[Dataset items]
============================================================
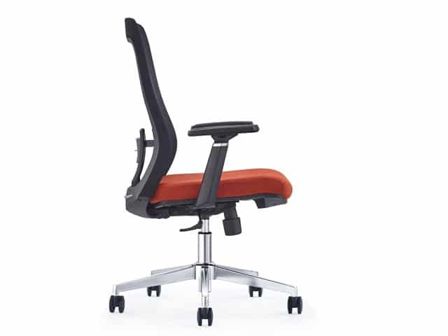 Le fauteuil est doté d’un réglage en hauteur qui permet d’adapter facilement la position selon le bureau et la morphologie de l’utilisateur. Sa base pivotante avec roulettes facilite les déplacements dans l’espace de travail, permettant d’atteindre différents points autour du poste sans effort.
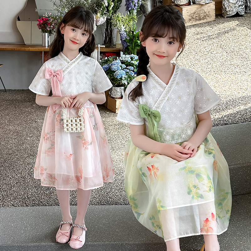 汉服连衣裙女童夏季2024新款中大儿童装洋气时髦国风新中式公主裙
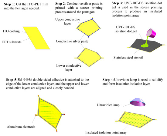 The upper layer L1 and the lower layer L3 were pentagonal conductive layers consisting of an ITO-PET conductive film with lower conductivity and a pentagonal flexible circuit printed with a conductive silver paste with higher conductivity at the edges. Metal electrodes were arranged at both ends of the flexible circuit. The middle layer L2 was an isolating layer consisting of an evenly distributed insulated isolated point array. As shown in Figure 13, the sensor was made as follows:
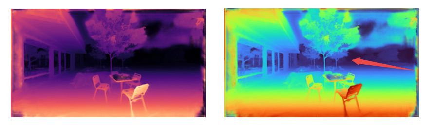 由于颜色和强度的剧烈变化,Jet相较于Viridis和Inferno会削弱背景的细节,最终基于数据呈现出的图像会让人眼遗失很多细节。而Turbo则通过非线性映射将背景进行了强化。下图中可以看到在Inferno中远处的背景几乎无法看清,而Turbo映射中远处的背景数目则依然为人眼所见。
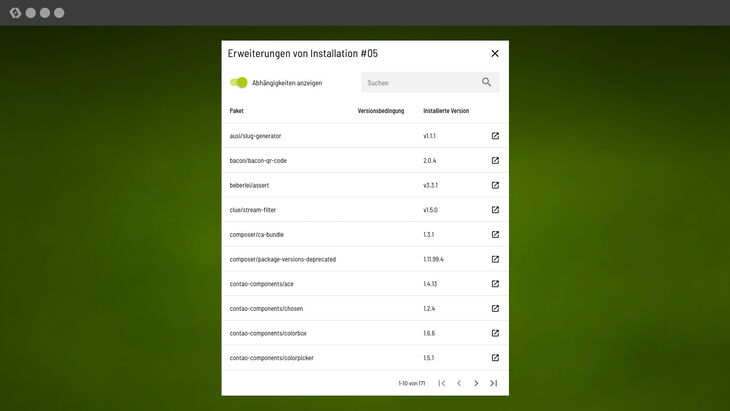 In the list of installed extensions you can now also see all the dependencies. For example, you can check which version of the package "symfony/framework-bundle" is installed.
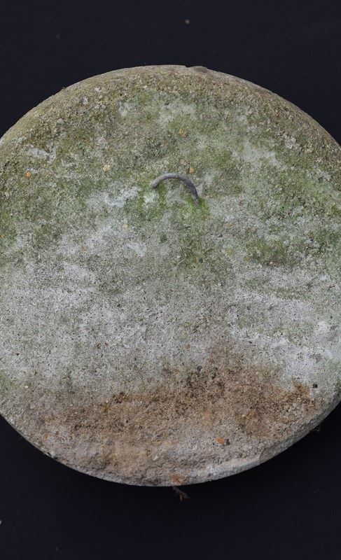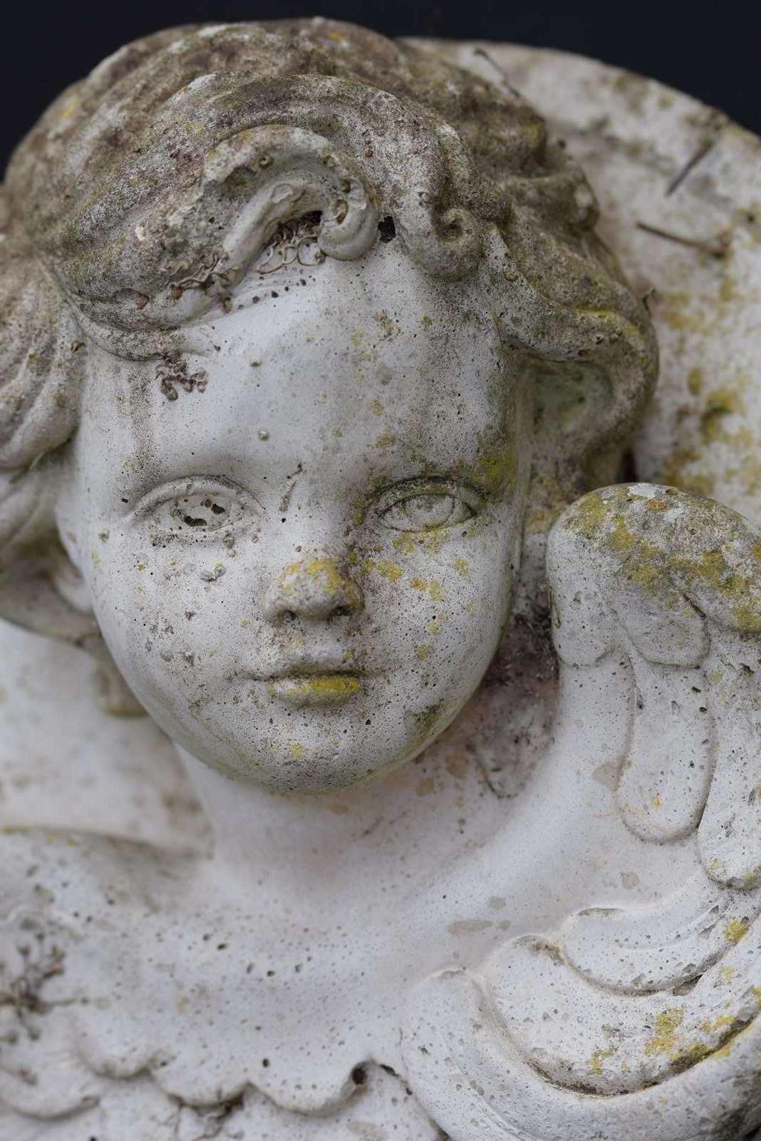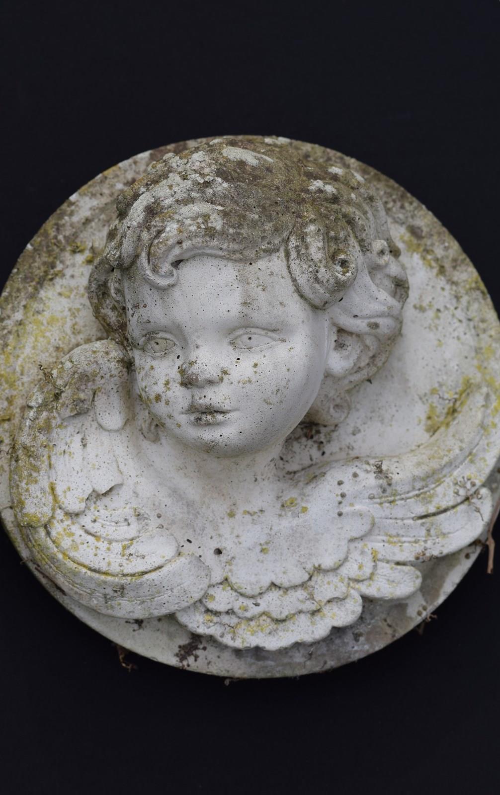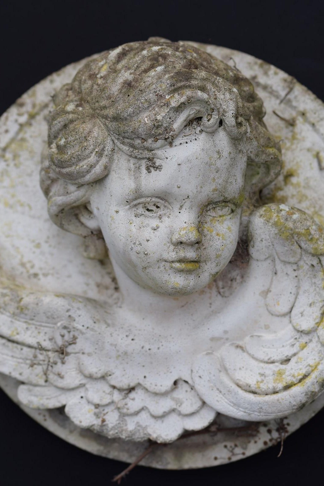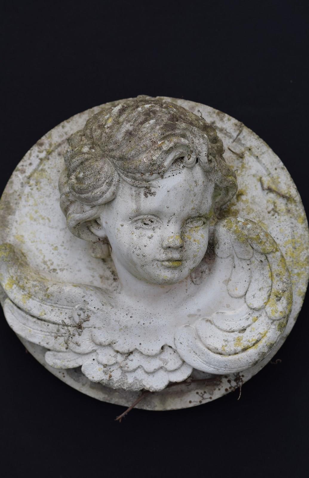 A pair of serene English garden weathered cast composite stone Garden Wall Plaques depicting facing Cherubs. Well modeled with good definition. Hanging ties to the back. Each approximately 10 inches in diameter with a projection of 4 inches and 5 kilograms in weight. Sale is for the pair & includes UK inland tracked delivery. Dispatched within 3 to 4 days after purchase.
============================================================
## Aim of the task
With the pictures omitted, print the lines above exactly, beginning at the line with "The upper layer" and going on through the line with "In the list".

## Problem solution
 The upper layer L1 and the lower layer L3 were pentagonal conductive layers consisting of an ITO-PET conductive film with lower conductivity and a pentagonal flexible circuit printed with a conductive silver paste with higher conductivity at the edges. Metal electrodes were arranged at both ends of the flexible circuit. The middle layer L2 was an isolating layer consisting of an evenly distributed insulated isolated point array. As shown in Figure 13, the sensor was made as follows:
 由于颜色和强度的剧烈变化,Jet相较于Viridis和Inferno会削弱背景的细节,最终基于数据呈现出的图像会让人眼遗失很多细节。而Turbo则通过非线性映射将背景进行了强化。下图中可以看到在Inferno中远处的背景几乎无法看清,而Turbo映射中远处的背景数目则依然为人眼所见。
 In the list of installed extensions you can now also see all the dependencies. For example, you can check which version of the package "symfony/framework-bundle" is installed.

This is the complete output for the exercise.